Now you just need to make THOSE (not those unfortunate error headers you had at first) part of the Table. Do this by grabbing hold of the little marker at the bottom right corner of the Table and dragging it to the right to include those columns and their new headers. The headers will convert to text, as expected.

If manually expanding the Table would be awkward due to the size of it, you can select the Table Design tab on the Ribbon menu, the look in the leftmost area of it and see Table Name and Resize Table. Select Resize Table and a dialog box pops up (somewhere) in which the range the Table currently is shows and you just change the column of the right side of that range to the new rightmost column you desire.

Can't provide a completely non-manual approach because, of course, not good enough with VBA, and because Excel simply will not permit a header cell to ever contain a formula.

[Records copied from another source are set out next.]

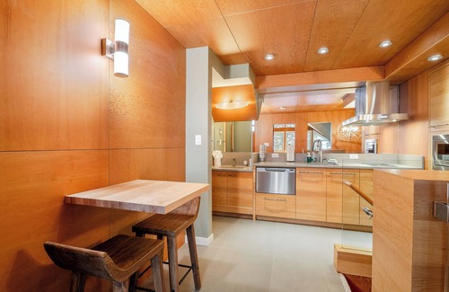 Experience Whistler at its finest in our luxurious 2-bed, 2-bath condo. This stunning two floor, 1000+ sq ft home, just steps from Whistler Village and Excalibur Gondolas, and Fitz Chairlift, features a gourmet kitchen with luxury appliances, vaulted ceilings, open-plan living and a spa-like master bathroom. With two large bedrooms and a pullout sofa it comfortably accommodates 6 guests. Enjoy natural light, high-end renovations, and easy access to dozens of restaurants, bars, and the mountain.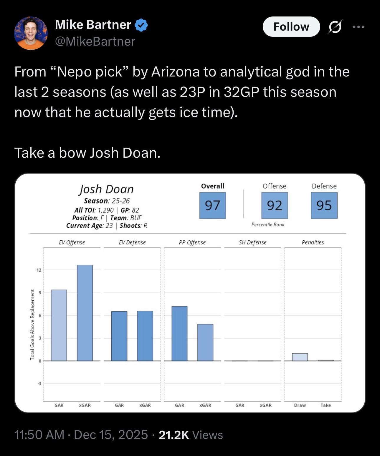 [Mike Bartner] From “Nepo pick” by Arizona to analytical god in the last 2 seasons (as well as 23P in 32GP this season now that he actually gets ice time). Take a bow Josh Doan.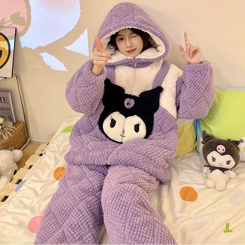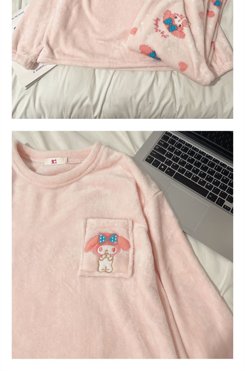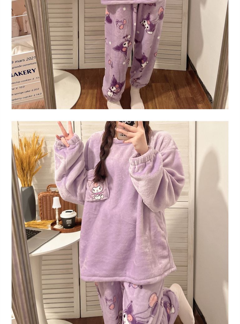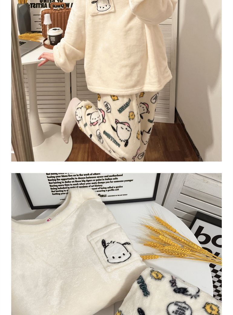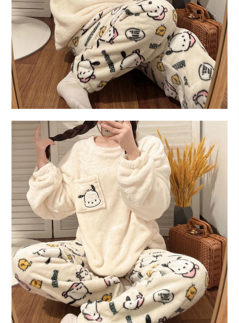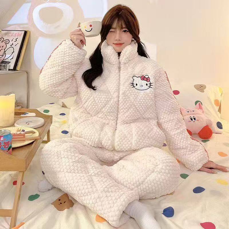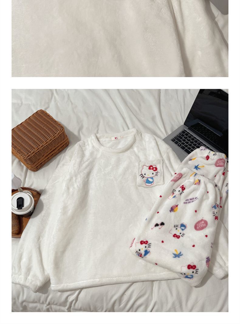 가을과 겨울 플란넬 파자마 여성 기모 두꺼운 크루 넥 산호 양털 만화 투피스 세트 홈 옷스토어 가기
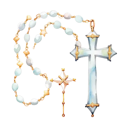Elegant Watercolor Rosary Cross DTF Transfer | Ready to Press Faith Design

You might be thinking, "Hmm... what if I do what he did... go to a header cell and type =HeaderLabel, press Enter, and see the unhappy result BUT THEN press Ctrl-Z to undo a layer of what looked like one action, but Excel saw as a couple actions. Wouldn't that leave me with the header I need?" Well, no. In that case, it really is one action for Undo purposes and pressing Ctrl-Z will only return you to the unfortunate entry with the year incremented rather than the day.

To my current knowledge, that's a hard deadend.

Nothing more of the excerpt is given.